Exercise aim - Could you repeat all of the entries below word for word, apart from the pictures?

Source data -
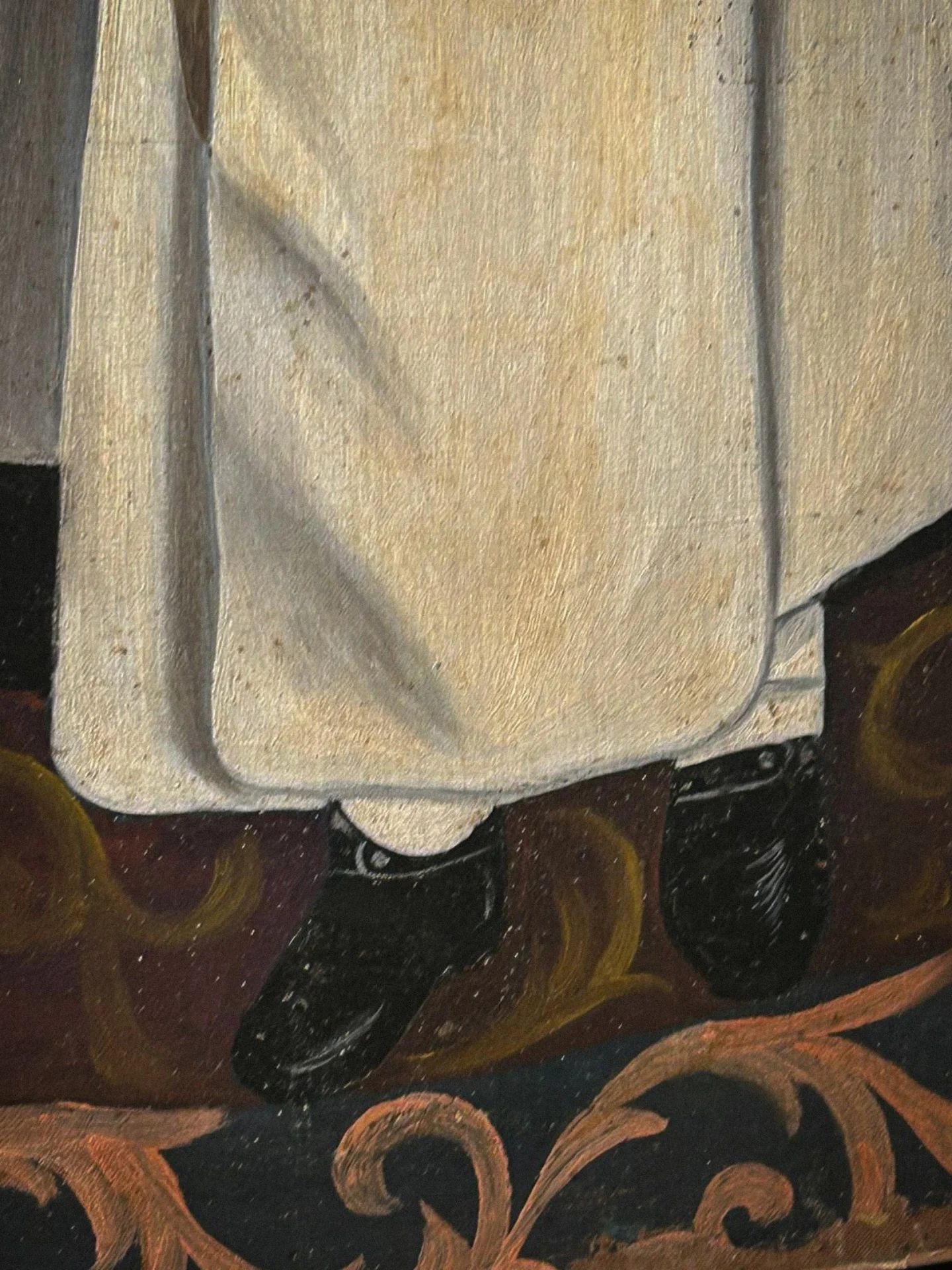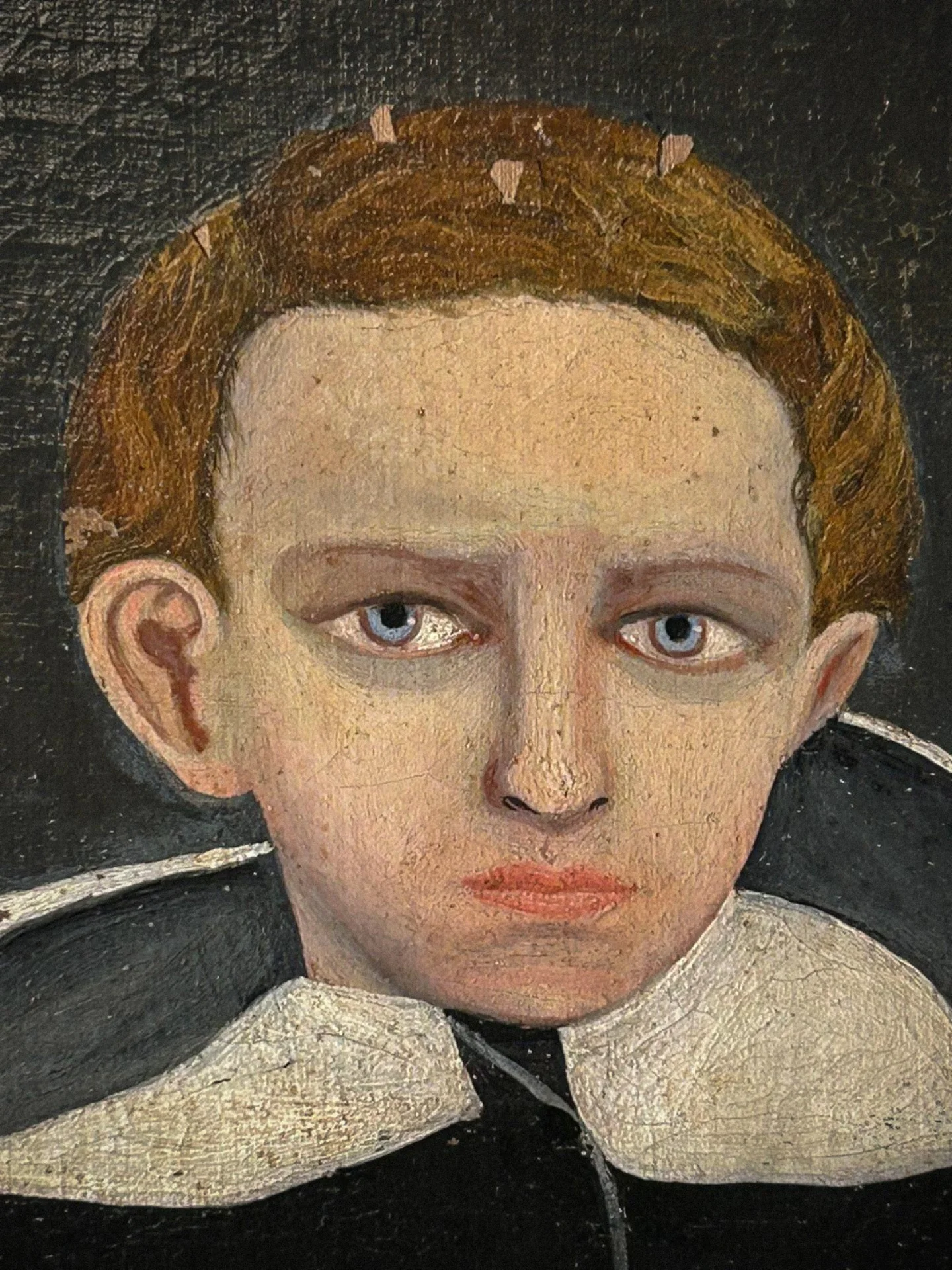 La pittura evidenzia una resa stilizzata dei tratti somatici e delle proporzioni, tipica della produzione popolare devozionale dell’Ottocento. Opera di particolare fascino, ideale per collezionisti di arte sacra e dipinti antichi di ambito provinciale.
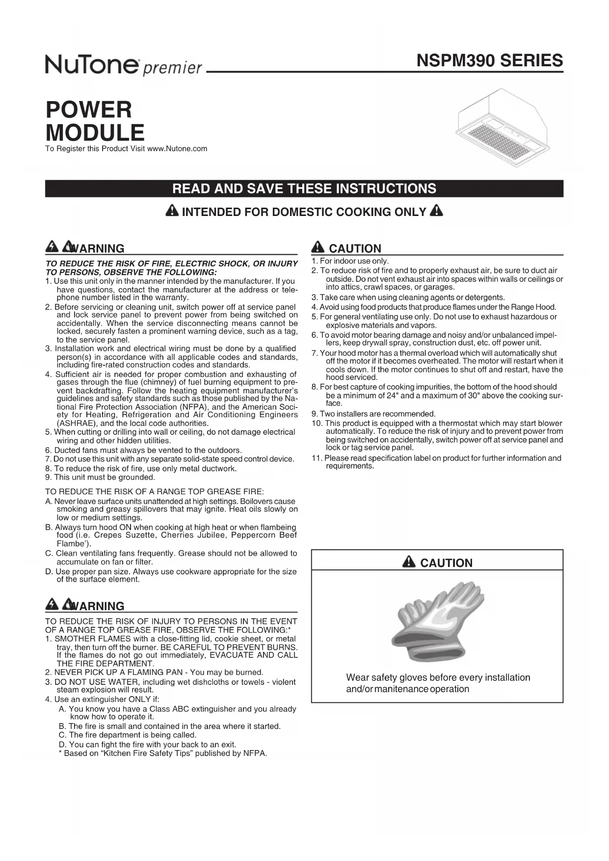 NSPM390 - Hotte NuTone - Notice d'utilisation et mode d'emploi gratuit
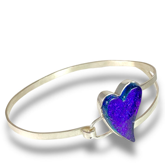 Large Curved Heart Bracelet in Plum Purple
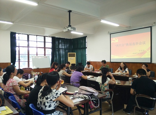 为全力配合校第三届"两代会"各项工作的顺利开展,外语系于6月22日下午在系办306召开全体工会会员大会,组织选举学校第三届"两代会"外语系代表。会议由系党总支林祥昊书记主持。
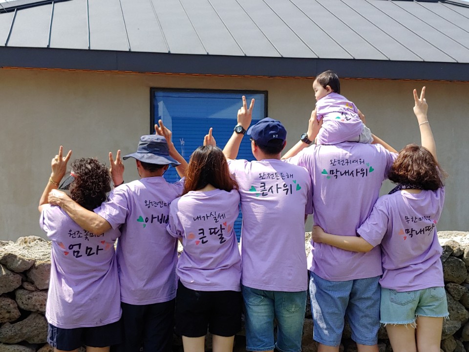 가족티 맞추고 여행가서 사진찍었어...
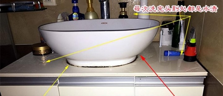 2、臺下盆雖然安裝方便,也很安全好看,但是每次洗漱完臺面周圍都會有一圈水漬,不好處理。且使用衛生有死角,清理起來特別麻煩。臺盆下面的玻璃膠遇水容易發黑,影響整體美觀。
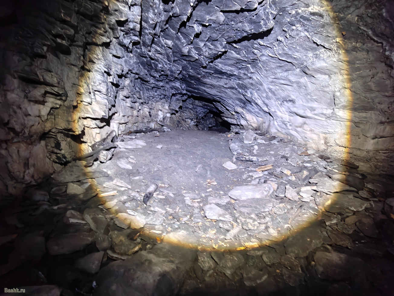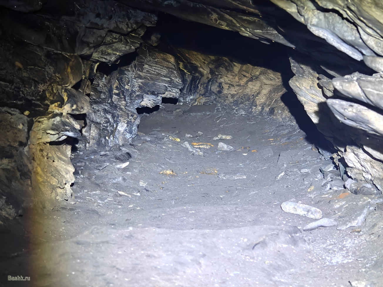 После входа в пещеру будет просторная полость, где можно стоять в полный рост, в левой части коридор устремленный вниз. Коридор постоянно сужается, вначале можно идти пригнувшись, далее на коленках, затем ползком. Внимание: проход по этому коридору представляет реальную опасность для жизни. В проходе можно застрять вниз головой, и даже если удаться протиснуться, то в финале узкого прохода будет глубокий колодец, куда можно упасть — указано на схеме пещеры далее. Именно в этом колодце были найдены кости животных и артефакты древнего мира. На фото далее, можно увидеть вид который открывается с пещеры, здесь протекает горный ручей Каснуй.

Output below -
 La pittura evidenzia una resa stilizzata dei tratti somatici e delle proporzioni, tipica della produzione popolare devozionale dell’Ottocento. Opera di particolare fascino, ideale per collezionisti di arte sacra e dipinti antichi di ambito provinciale.
 NSPM390 - Hotte NuTone - Notice d'utilisation et mode d'emploi gratuit
 Large Curved Heart Bracelet in Plum Purple
 为全力配合校第三届"两代会"各项工作的顺利开展,外语系于6月22日下午在系办306召开全体工会会员大会,组织选举学校第三届"两代会"外语系代表。会议由系党总支林祥昊书记主持。
 가족티 맞추고 여행가서 사진찍었어...
 2、臺下盆雖然安裝方便,也很安全好看,但是每次洗漱完臺面周圍都會有一圈水漬,不好處理。且使用衛生有死角,清理起來特別麻煩。臺盆下面的玻璃膠遇水容易發黑,影響整體美觀。
 После входа в пещеру будет просторная полость, где можно стоять в полный рост, в левой части коридор устремленный вниз. Коридор постоянно сужается, вначале можно идти пригнувшись, далее на коленках, затем ползком. Внимание: проход по этому коридору представляет реальную опасность для жизни. В проходе можно застрять вниз головой, и даже если удаться протиснуться, то в финале узкого прохода будет глубокий колодец, куда можно упасть — указано на схеме пещеры далее. Именно в этом колодце были найдены кости животных и артефакты древнего мира. На фото далее, можно увидеть вид который открывается с пещеры, здесь протекает горный ручей Каснуй.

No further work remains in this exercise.